Eighty million tons of rock, moving at more than one hundred miles an hour, just fell off the mountain, traveling with such force and momentum that the leading edge of the landslide ran four hundred feet up a mountain on the other side of the valley. Along its path lay part of the Rock Creek Campground. Twenty-eight campers were killed, nineteen of them buried too deep ever to be found again. The devastation was swift but heartbreakingly fickle. Three brothers, sleeping in one tent, were spared. Their parents, sleeping in another tent beside them, were swept away and never seen again.
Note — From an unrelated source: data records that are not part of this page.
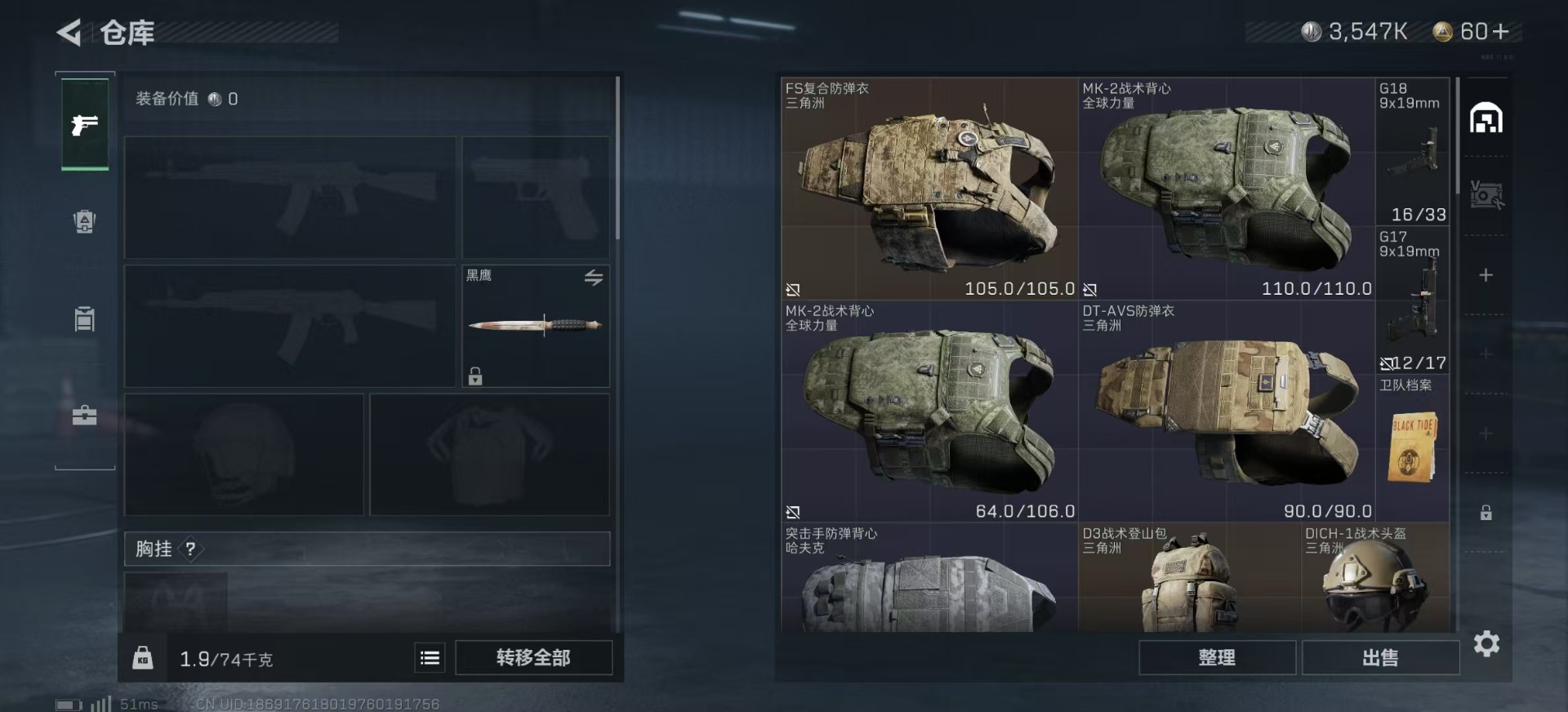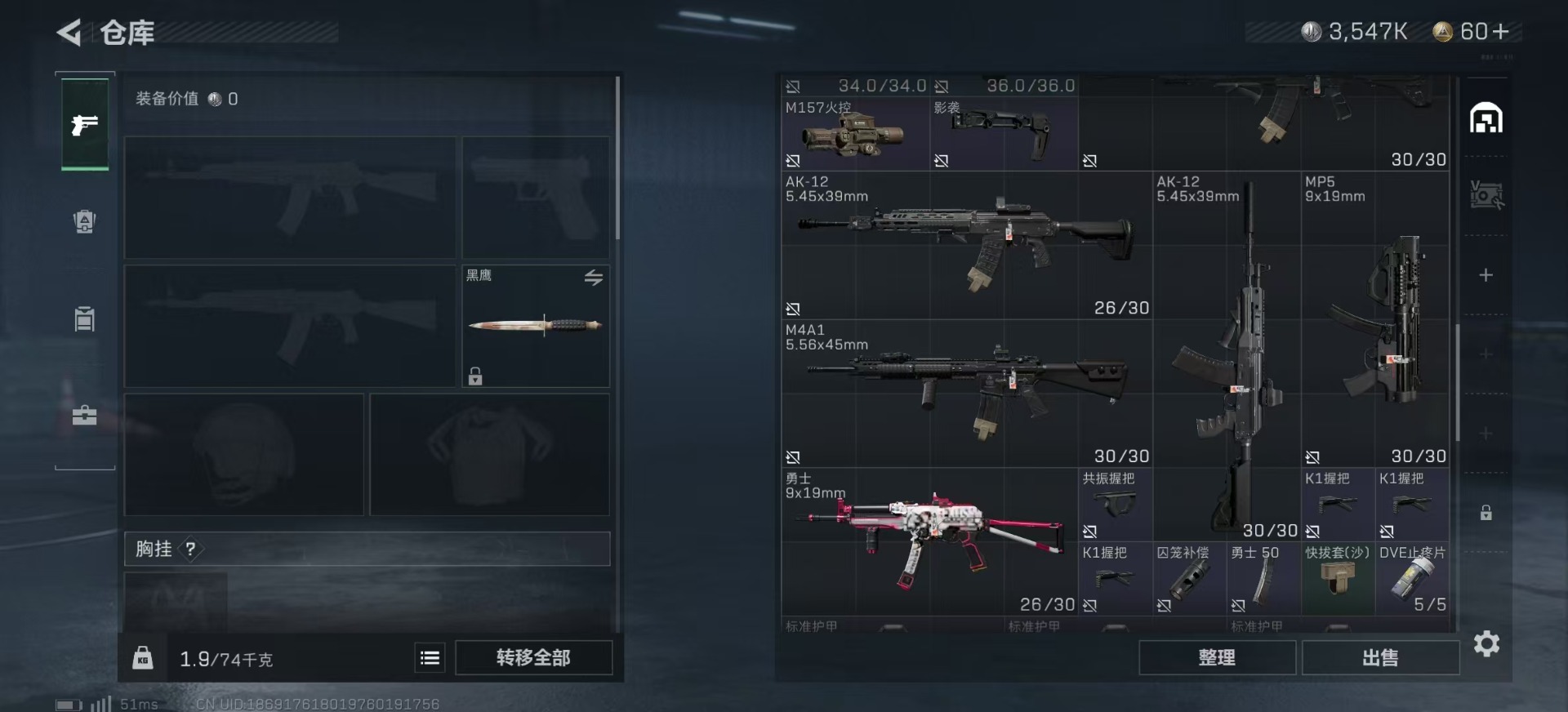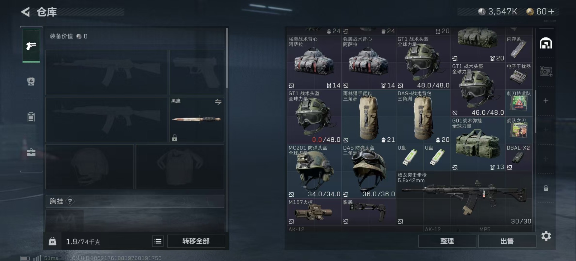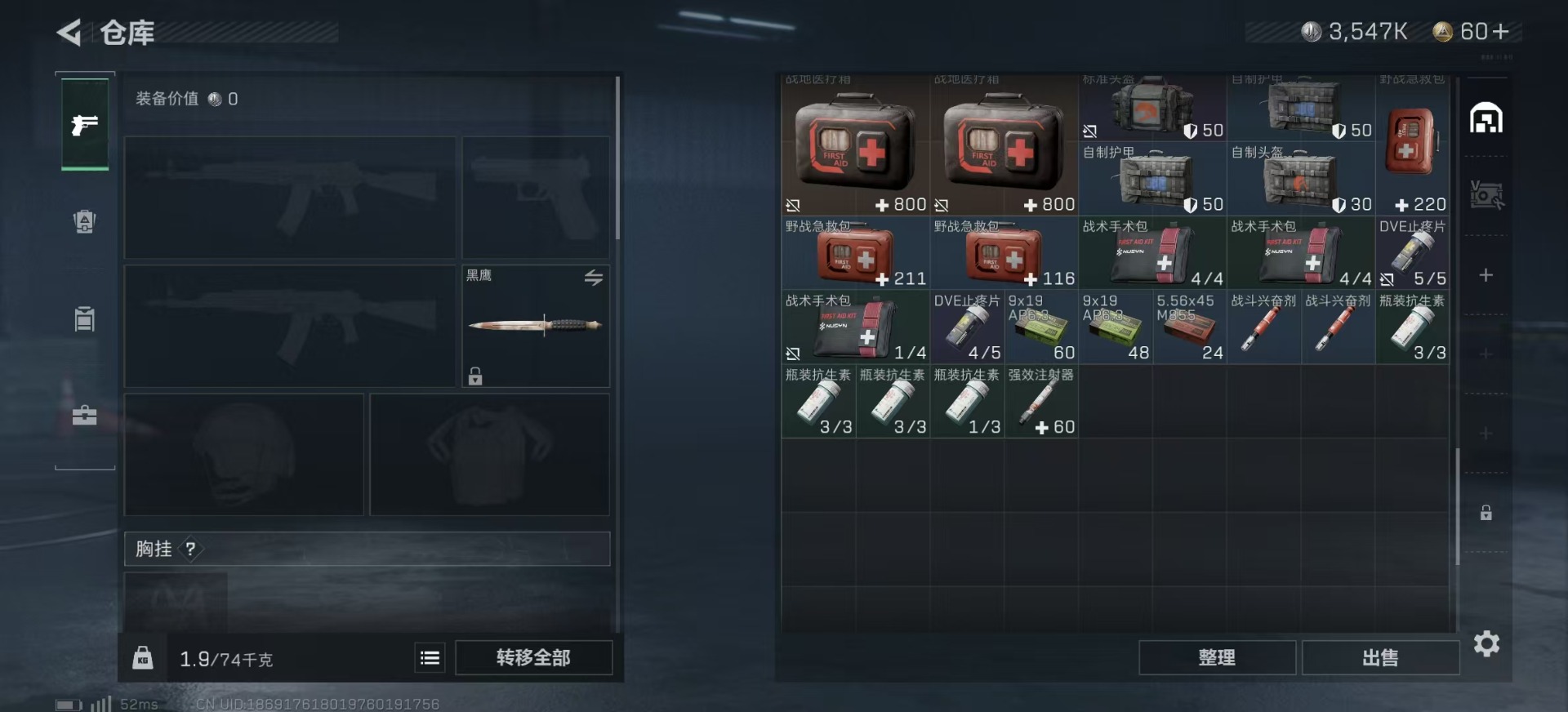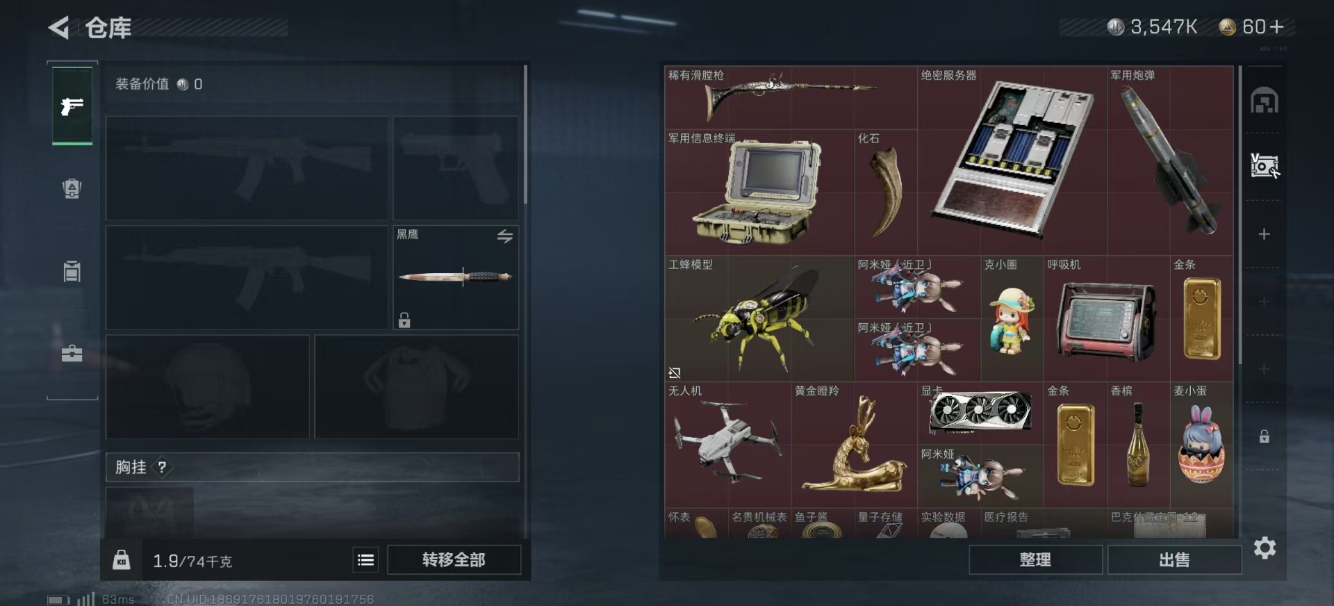 - [11879786]总资产:73.4M 3干员外观 12传说枪械 哈夫币:3.402K 高级安全箱(2×3)9.15号到期 可二次 可修改实名 安全保护中 烽火地带段位:黑鹰 全面战场段位:上等兵 传说武器皮肤:SR-25射手步枪-水墨云图,SCAR-H战斗步枪-水墨云图,AK-12突击步枪-夜鹰,SMG45冲锋枪-骑士,M4A1突击步枪-阿米娅,CAR-15突击步枪-阿米娅,复合弓-黑-天际线,AWM狙击步枪-捞点薯条,腾龙突击步枪-捞点薯条,93R-捞点薯条,勇士冲锋枪-能天使-午夜邮差,725双管霰弹枪-送葬人-无题密令 干员外观:骇爪-水墨云图,无名-夜鹰,蜂医-送葬人·无题密令(S5)
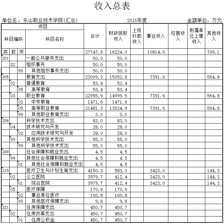2015年星空体育平台官方网站收入决算总额为31573.5万元,其中:当年财政拨款收入16224万元,事业收入10814.6万元,其他收入709.1万元,用事业基金弥补收支差额408.3万元,上年结转收入3417.4万元。收入决算总额较2014年减少815.38万元,主要原因是2015年上年结转收入较2014年上年结转收入降低。
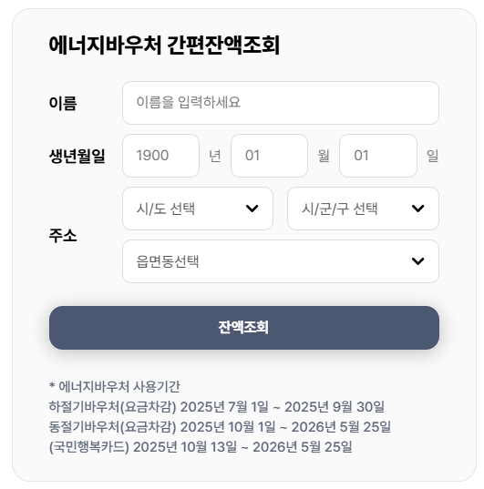 겨울 바우처 2025년 10월 1일 ~ 2026년 4월 30일

8000萬噸巖石以每小時160公里的速度從山上崩塌下來,其力量和動量是如此之大,前緣竟然沖到了峽谷對面一座山的120米高處。羅克溪露營園有一部分就在巖石的必經之地。28名露營者死亡,其中19名被埋得太深,再也沒有找到。災難發生得又快又難預測。有兄弟3人同睡一個帳篷,倒是幸免于難。他們的父母睡在旁邊的另一個帳篷,卻被沖得無影無蹤。
A big earthquake—and I mean big—will happen sometime, Doss told me. "You can count on that. This is a big fault zone for earthquakes."
“大地震——我的意思是大的地震——遲早會發生,”多斯對我說,“我可以向你保證。這兒是個大斷層地帶,地震很多。”

Despite the Hebgen Lake quake and the other known risks, Yellowstone didn't get permanent seismometers until the 1970s.
盡管發生了赫布根湖地震以及別的危險,直到20世紀70年代,黃石公園才配置了永久性的地震表。
If you needed a way to appreciate the grandeur and inexorable nature of geologic processes, you could do worse than to consider the Tetons, the sumptuously jagged range that stands just to the south of Yellowstone National Park. Nine million years ago, the Tetons didn't exist. The land around Jackson Hole was just a high grassy plain. But then a forty-mile-long fault opened within the Earth, and since then, about once every nine hundred years, the Tetons experience a really big earthquake, enough to jerk them another six feet higher. It is these repeated jerks over eons that have raised them to their present majestic heights of seven thousand feet.
若要欣賞地質過程的威力和無情,你肯定挑得出比蒂頓山脈更糟糕的例子。蒂頓山脈位于黃石國家公園以南,峭壁嶙峋,非常險峻。900萬年以前,蒂頓山脈并不存在。杰克遜大坑周圍的土地本是一片雜草叢生的高地平原。但是,后來地球內部出現了一處64公里長的斷層,自那以后,大約每隔900年蒂頓山脈就要經歷一次大地震,其威力之大足以使它再升高2米。由于千萬年來這樣反復地往上顫動,如今它的高度已經達到雄偉的2000米。